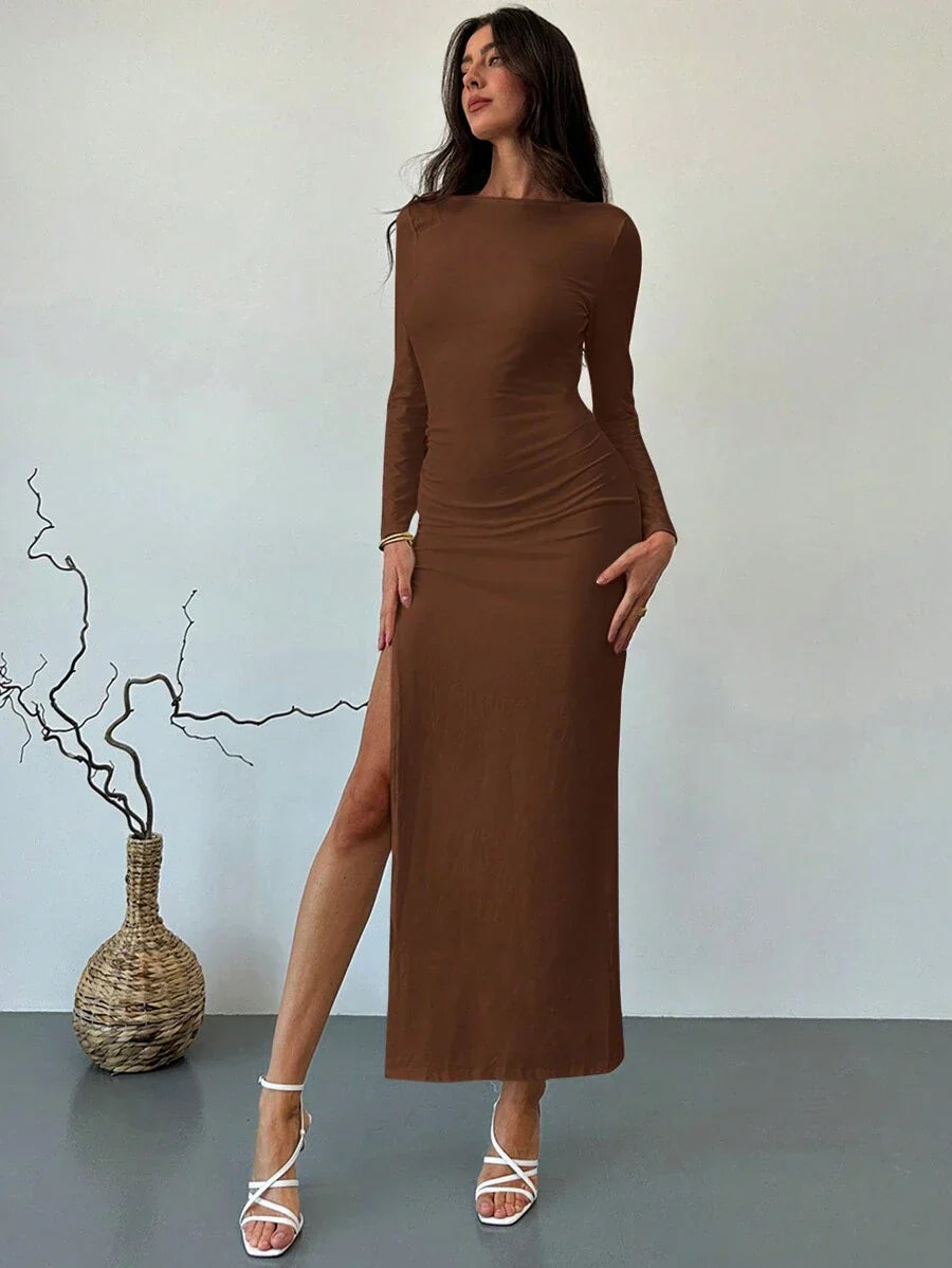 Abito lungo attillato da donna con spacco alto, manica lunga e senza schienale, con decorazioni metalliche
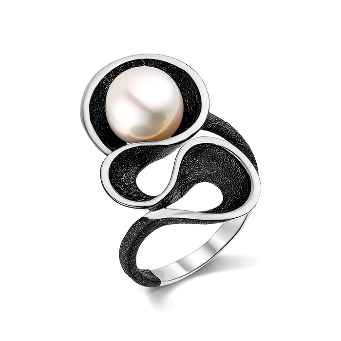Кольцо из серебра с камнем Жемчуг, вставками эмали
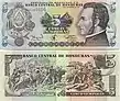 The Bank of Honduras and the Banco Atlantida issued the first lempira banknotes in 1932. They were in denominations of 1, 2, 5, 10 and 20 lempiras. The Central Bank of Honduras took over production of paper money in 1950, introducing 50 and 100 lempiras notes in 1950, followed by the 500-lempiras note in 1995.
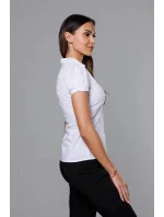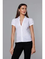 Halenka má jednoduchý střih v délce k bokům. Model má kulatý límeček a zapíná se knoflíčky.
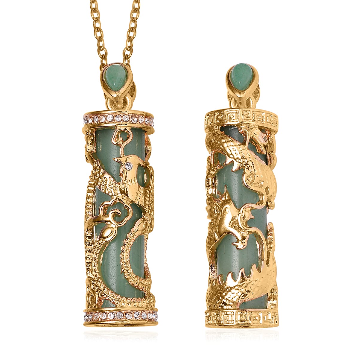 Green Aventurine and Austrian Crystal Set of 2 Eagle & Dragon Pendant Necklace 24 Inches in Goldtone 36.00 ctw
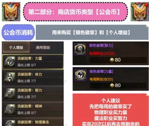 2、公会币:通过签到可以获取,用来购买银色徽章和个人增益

* * *

None of the pictures belong in the copy. Write out exactly the lines from the line that holds "Green Aventurine and" through the last line of the listing above, both ends included.

 Green Aventurine and Austrian Crystal Set of 2 Eagle & Dragon Pendant Necklace 24 Inches in Goldtone 36.00 ctw
 2、公会币:通过签到可以获取,用来购买银色徽章和个人增益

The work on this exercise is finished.